# 22C:122/55:132 Notes, Lecture 41, Spring 2001

Douglas W. Jones
University of Iowa Department of Computer Science

1. All mention of O(log N) has been incorrect

Up to this point, we have ignored geometric constraints on the construction of computer systems. If we pay attention to gemometry, constraining our systems to be built in a 3-dimensional physical universe instead of the unconstrained universe of the logician, we face a problem!

We can't fabricate 3-dimensional chips. Our silicon technology is inherently 2-dimensional. We can stack chips to a very shallow depth to make thin 3-dimensional structures, but thermal considerations limit this.

If you think of large-scale systems, where each system consists of motherboard with daughterboards and so on, the geometry is 3-dimensional on a local scale, but on a larger scale, a 2-dimensional constraint emerges again. Consider trying to fill a room with computers. If you pack them in 3-dimensions, the ones near the middle will overheat.
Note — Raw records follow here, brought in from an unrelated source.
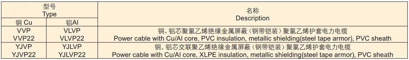VV22P型 、VLV22P型電纜外徑分別在VV22型、VLV22型電纜外徑的基礎上增加1~1.5mm。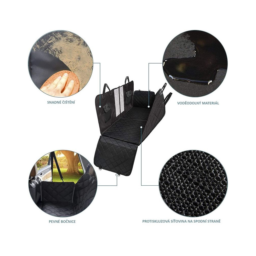 Autopotah pro ochranu zadních sedaček a dveří při přepravě domácích mazlíčků, nářadí, materiálu a mnoha dalších věcí, které mohou znečistit interiér Vašeho automobilu. Podložka je vyrobena z kvalitních nepropustných materiálů, tudíž nehrozí nebezpečí ušpinění sedaček a dveří. Rub podložky je vyroben z protiskluzové síťoviny.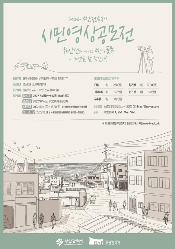 부산시와 부산건축제조직위원회는 '2022 부산건축제 시민영상 공모전'을 오는 15일까지 개최한다고 4일 밝혔다.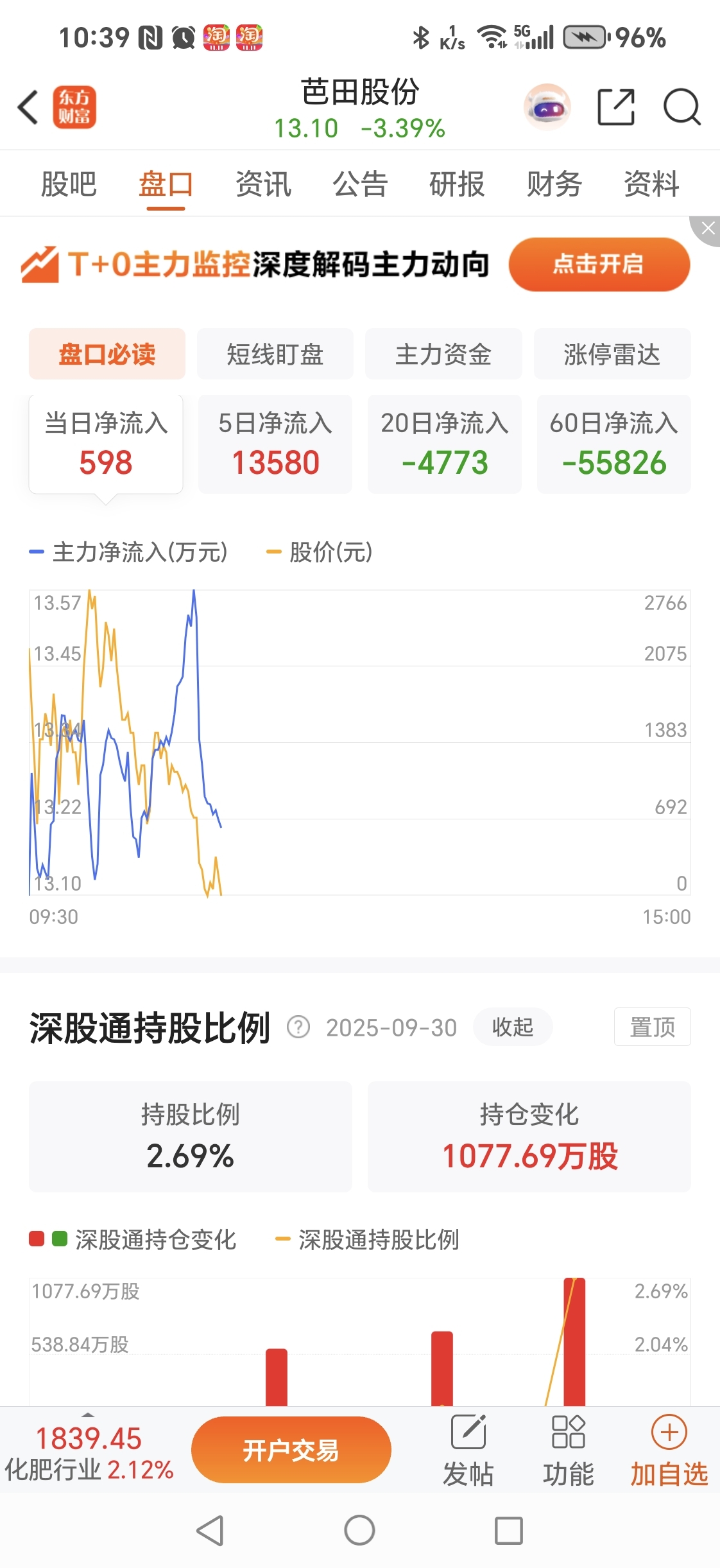 $芭田股份(SZ002170)$ 今天这股套人了,主力资金趋势图线看,主力还没停止流出,还没企稳,13.10以为是今天低点,看来补仓还是补早了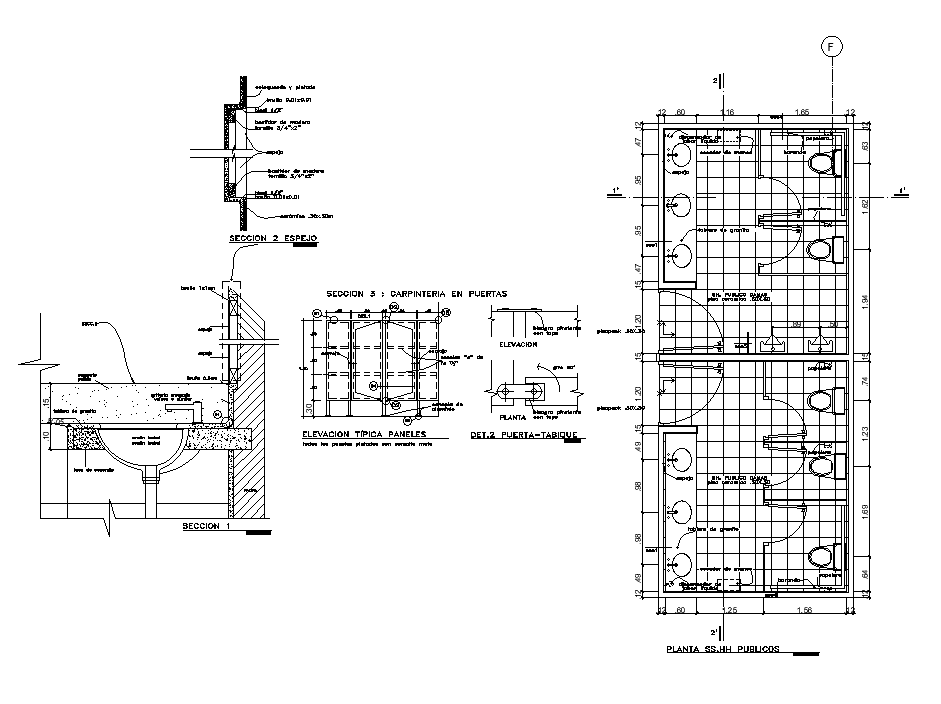 The public toilet layout plan AutoCAD drawing which consist liquid soap dispenser, waste bin, concrete slab, tiled and painted, and wooden frame 3 / 4''x2 '' screw, typical elevation panels, and all panels painted with matt enamel detail dwg file. Thank you for downloading the Autocad drawing file and other CAD program files from our website.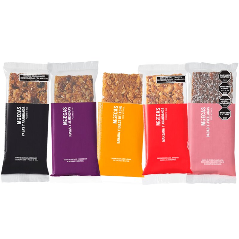 caja de 16 unidades de la marca Muecas, incluye una variedad de sabores de barritas de cereales (banana y dulce de leche, cacao y avellanas, manzana y arándanos, pasas y almendras, pasas arandanos) de 45g c/u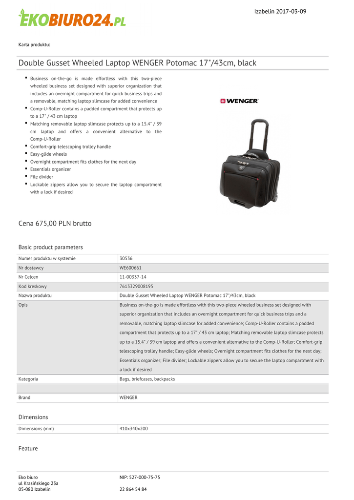 Izabelin 2017-03-09 Karta produktu: Double Gusset Wheeled Laptop WENGER Potomac 17"/43cm, black Business on-the-go is made effortless with this two-piece wheeled business set designed with superior organization that includes an overnight compartment for quick business trips and a removable, matching laptop slimcase for added convenience Comp-U-Roller contains a padded compartment that protects up to a 17" / 43 cm laptop Matching removable laptop slimcase protects up to a 15.4" / 39 cm laptop and offers a convenient alternative to the Comp-U-Roller Comfort-grip telescoping trolley handle Easy-glide wheels Overnight compartment fits clothes for the next day Essentials organizer File divider Lockable zippers allow you to secure the laptop compartment with a lock if desired Cena 675,00 PLN brutto Basic product parameters Numer produktu w systemie 30536 Nr dostawcy WE600661 Nr Celcen 11-00337-14 Kod kreskowy 7613329008195 Nazwa produktu Double Gusset Wheeled Laptop WENGER Potomac 17"/43cm, black Opis Business on-the-go is made effortless with this two-piece wheeled business set designed with superior organization that includes an overnight compartment for quick business trips and a removable, matching laptop slimcase for added convenience; Comp-U-Roller contains a padded compartment that protects up to a 17" / 43 cm laptop; Matching removable laptop slimcase protects up to a 15.4" / 39 cm laptop and offers a convenient alternative to the Comp-U-Roller; Comfort-grip telescoping trolley handle; Easy-glide wheels; Overnight compartment fits clothes for the next day; Essentials organizer; File divider; Lockable zippers allow you to secure the laptop compartment with a lock if desired Kategoria Bags, briefcases, backpacks Brand WENGER Dimensions Dimensions (mm) 410x340x200 Feature Eko biuro ul Krasińskiego 23a 05-080 Izabelin NIP: 527-000-75-75 22 864 54 84 Izabelin 2017-03-09 Karta katalogowa produktu cd. Double Gusset Wheeled Laptop WENGER Potomac 17"/43cm, black Type Travel Product Roller Kind 17" Offer from 2016-06 Procurement vocabulary CPV 30237270-2 Torby na komputery przenośne Certifications Warranty 3 New product Standard Hit Standard Colour Colour Black Pozostałe zdjęcia produktu Serdecznie zapraszamy do współpracy Eko biuro zespół. Eko biuro ul Krasińskiego 23a 05-080 Izabelin NIP: 527-000-75-75 22 864 54 84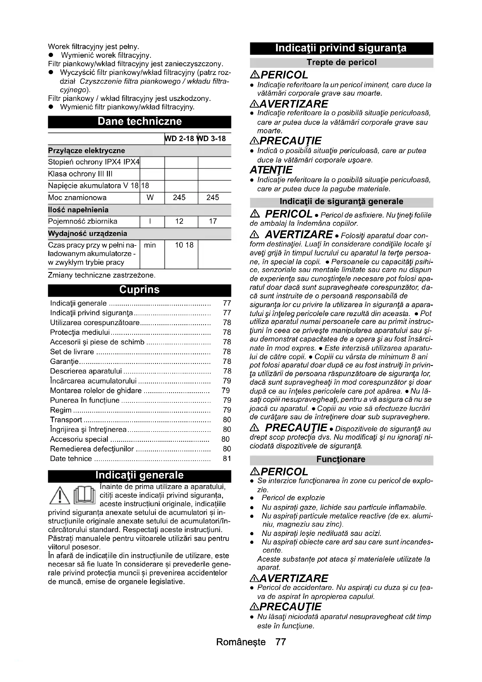 - Urządzenie samoczynnie się wyłącza Urządzenie / zestaw akumulatorów są przegrzane. Poczekać , aż urządzenie / zestaw akumulatorów ostygnie. Zmniejszająca się moc ssania Akcesoria, wąż ssący lub rury ssące są zatkane. Udrożnić przy pomocy odpowiedniego środka po- mocniczego.Româneşte 77 Worek filtracyjny jest pełny. Wymienić worek filtracyjny. Filtr piankowy/wkład filtracyjny jest zanieczyszczony. Wyczyścić filtr piankowy/wkład filtracyjny (patrz roz- dział Czyszczenie filtra piankowego / wkładu filtra- cyjnego). Filtr piankowy / wkład filtracyjny jest uszkodzony. Wymienić filtr piankowy/wkład filtracyjny. Dane techniczne Zmiany techniczne zastrzeżone. Cuprins Indicaţii generale Înainte de prima utilizare a aparatului, citiți aceste indicații privind siguranța, aceste instrucțiuni originale, indicațiile privind siguranța anexate setului de acumulatori și in- strucțiunile originale anexate setului de acumulatori/în- cărcătorului standard. Respectaţi aceste instrucţiuni. Păstrați manualele pentru viitoarele utilizări sau pentru viitorul posesor. În afară de indicațiile din instrucțiunile de utilizare, este necesar să fie luate în considerare și prevederile gene- rale privind protecția muncii și prevenirea accidentelor de muncă, emise de organele legislative. Indicaţii privind siguranţa Trepte de pericol PERICOL ● Indicaţie referitoare la un pericol iminent, care duce la vătămări corporale grave sau moarte. 몇 AVERTIZARE ● Indicaţie referitoare la o posibilă situaţie periculoasă, care ar putea duce la vătămări corporale grave sau moarte. 몇 PRECAUŢIE ● Indică o posibilă situaţie periculoasă, care ar putea duce la vătămări corporale uşoare. ATENŢIE ● Indicaţie referitoare la o posibilă situaţie periculoasă, care ar putea duce la pagube materiale. Indicaţii de siguranţă generale PERICOL ● Pericol de asfixiere. Nu ţineţi foliile de ambalaj la îndemâna copiilor. 몇 AVERTIZARE ● Folosiţi aparatul doar con- form destinaţiei. Luaţi în considerare condiţiile locale şi aveţi grijă în timpul lucrului cu aparatul la terţe persoa- ne, în special la copii. ● Persoanele cu capacităţi psihi- ce, senzoriale sau mentale limitate sau care nu dispun de experienţa sau cunoştinţele necesare pot folosi apa- ratul doar dacă sunt supravegheate corespunzător, da- că sunt instruite de o persoană responsabilă de siguranţa lor cu privire la utilizarea în siguranţă a apara- tului şi înţeleg pericolele care rezultă din aceasta. ● Pot utiliza aparatul numai persoanele care au primit instruc- ţiuni în ceea ce priveşte manipularea aparatului sau şi- au demonstrat capacitatea de a opera şi au fost însărci- nate în mod expres. ● Este interzisă utilizarea aparatu- lui de către copii. ● Copiii cu vârsta de minimum 8 ani pot folosi aparatul doar după ce au fost instruiţi în privin- ţa utilizării de persoana răspunzătoare de siguranţa lor, dacă sunt supravegheaţi în mod corespunzător şi doar după ce au înţeles pericolele care pot apărea. ● Nu lă- saţi copiii nesupravegheaţi, pentru a vă asigura că nu se joacă cu aparatul. ● Copiii au voie să efectueze lucrări de curăţare sau de întreţinere doar sub supraveghere. 몇 PRECAUŢIE ● Dispozitivele de siguranţă au drept scop protecţia dvs. Nu modificaţi şi nu ignoraţi ni- ciodată dispozitivele de siguranţă. Funcţionare PERICOL ● Se interzice funcţionarea în zone cu pericol de explo- zie. ● Pericol de explozie ● Nu aspirați gaze, lichide sau particule inflamabile. ● Nu aspirați particule metalice reactive (de ex. alumi- niu, magneziu sau zinc). ● Nu aspirați leșie nediluată sau acizi. ● Nu aspirați obiecte care ard sau care sunt incandes- cente. Aceste substanțe pot ataca și materialele utilizate la aparat. 몇 AVERTIZARE ● Pericol de accidentare. Nu aspirați cu duza și cu țea- va de aspirat în apropierea capului. 몇 PRECAUŢIE ● Nu lăsaţi niciodată aparatul nesupravegheat cât timp este în funcţiune. WD 2-18 WD 3-18 Przyłącze elektryczne Stopień ochrony IPX4 IPX4 Klasa ochrony III III Napięcie akumulatora V 18 18 Moc znamionowa W 245 245 Ilość napełnienia Pojemność zbiornika l 12 17 Wydajność urządzenia Czas pracy przy w pełni na- ładowanym akumulatorze - w zwykłym trybie pracy min 10 18 Indicaţii generale p. 77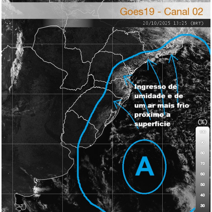 A presença de um sistema de alta pressão (letra A no mapa) sobre o oceano contribui para ingresso de umidade do oceano, por isso a nebulosidade está um pouco mais presente na faixa leste do estado nesta tarde de segunda-feira. Em alguns pontos há registro de garoa/chuva fraca. Além de umidade, este sistema favorece o ingresso de um ar mais frio, tanto que as temperaturas agora a tarde estão bem amenas entre o Centro-Sul, Campos Gerais e a RMC (abaixo dos 18°C). Vento ajuda a aumentar a sensação de frio. No Sudoeste, Oeste, Noroeste e Norte o sol predomina, com temperaturas mais agradáveis.
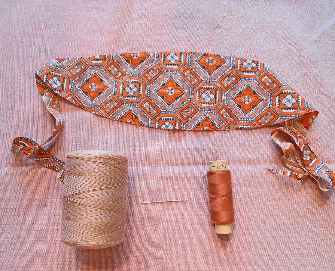 Этот мне напоминает головные уборы средневековья... Если ткань держит форму, можно попытаться придать головному платку интересный вид.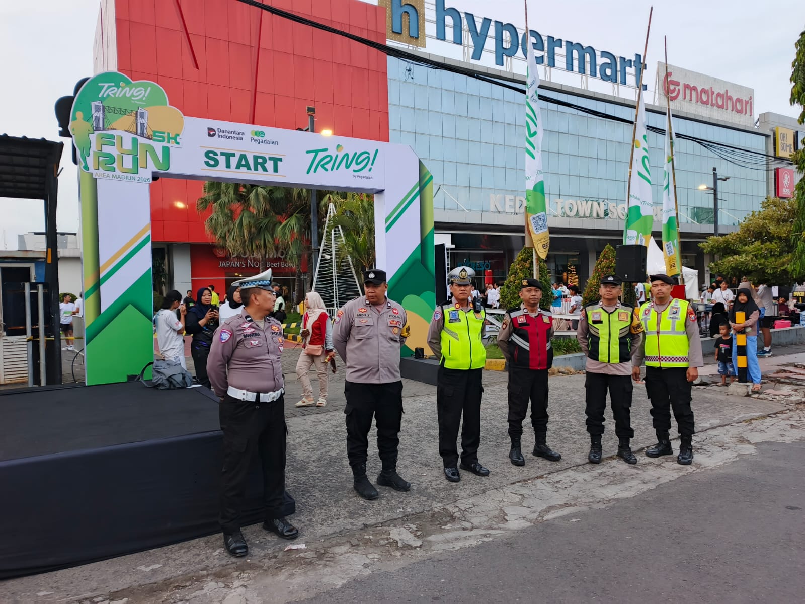 Kapolsek Kediri Kota Kompol Bowo Wicaksono, S.Sos. menyampaikan bahwa kegiatan Tringi Fun Run 5K berjalan dengan tertib, lancar, dan aman berkat kerja sama antara panitia, aparat keamanan, serta dukungan masyarakat.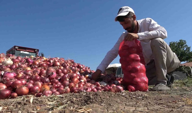 Kırıkkale’nin Yahşihan ilçesine bağlı Kılıçlar köyünde vatandaşların yüzde 90’nın gelir kaynağı olan ve geçmişi bir asır öncesine dayanan coğrafi işaretli "Kılıçlar soğanı"nın hasadı başladı. Üreticiler, 14 kilogramlık bir çuval soğanı 150 liradan müşterilerine sunuyor.
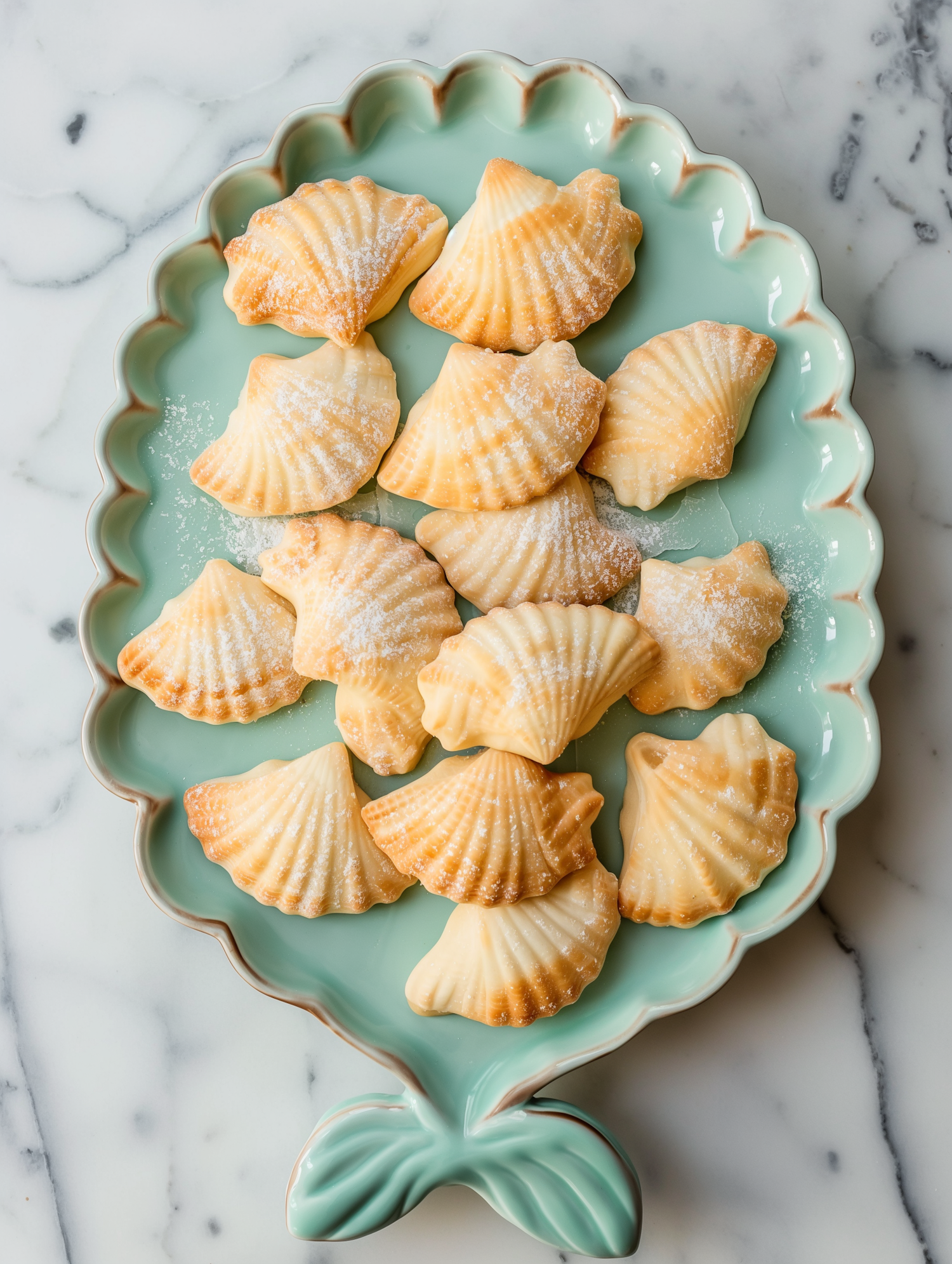 Shell-shaped cookies on a pastel green plate with powdered sugar, set against a marble background for a chic and elegant presentation.
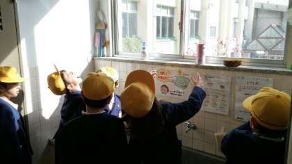 かぜ予防の基本、手洗い・うがいにすすんで取り組めるよう掲示物を貼りました。しっかり上をみて、<ガラガラうがい>ができるように・・・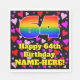 This colourful and happy birthday paper napkin design features a large number “64” having a rainbow spectrum gradient inspired pattern. It also features the message “Happy 64th Birthday,”, and a custom name. The background features a pattern of red, purple, and pink heart shapes of various sizes. Joyful, friendly paper napkins like this might be fun to use at a birthday party/celebration being held to honour somebody’s sixty fourth birthday. [~Z0000550]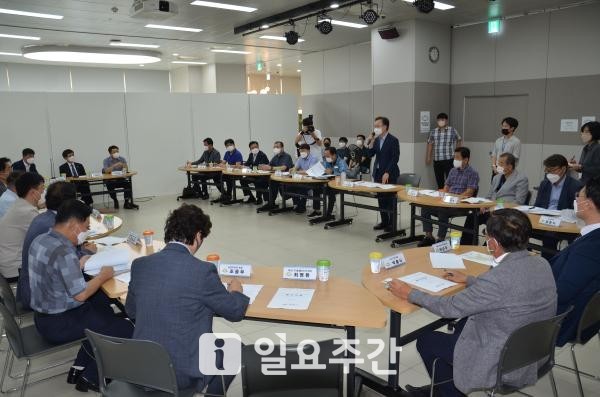 ▲8월 31일 오후 4시, 현대아울렛 6층 시민청에서 열린 폭우피해대책위원회와 금천구청 관계자들 간 간담회.(사진=조무정 기자)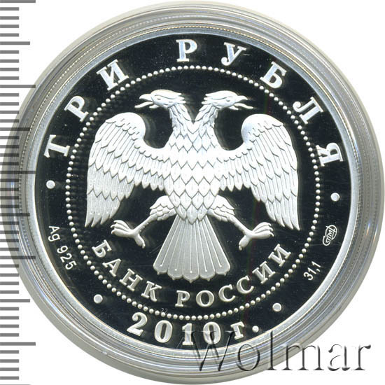 Вверху вдоль канта номинал «ТРИ РУБЛЯ», внизу слева химическое название «Ag» и проба «925» металла, внизу по центру год выпуска «2010 г.», внизу справа чистый вес находящегося в монете драгоценного металла «31,10» и монограмма монетного двора «СПМД». В середине в ободке из точек двуглавый орел под ним с внутренней стороны точечного ободка слова «БАНК РОССИИ».

You must stack them in a single wall, with cooling air flowing in from one side and out the other side.

On a huge scale, you can imagine building a sphere of computers around a star. The inner surface would be lined with solar cells, the outer surface with thermal radiators. The thickness of the shell would be limited by the thermal properties of the system, and again, the astronomically large supercomputer is a 2-dimensional structure.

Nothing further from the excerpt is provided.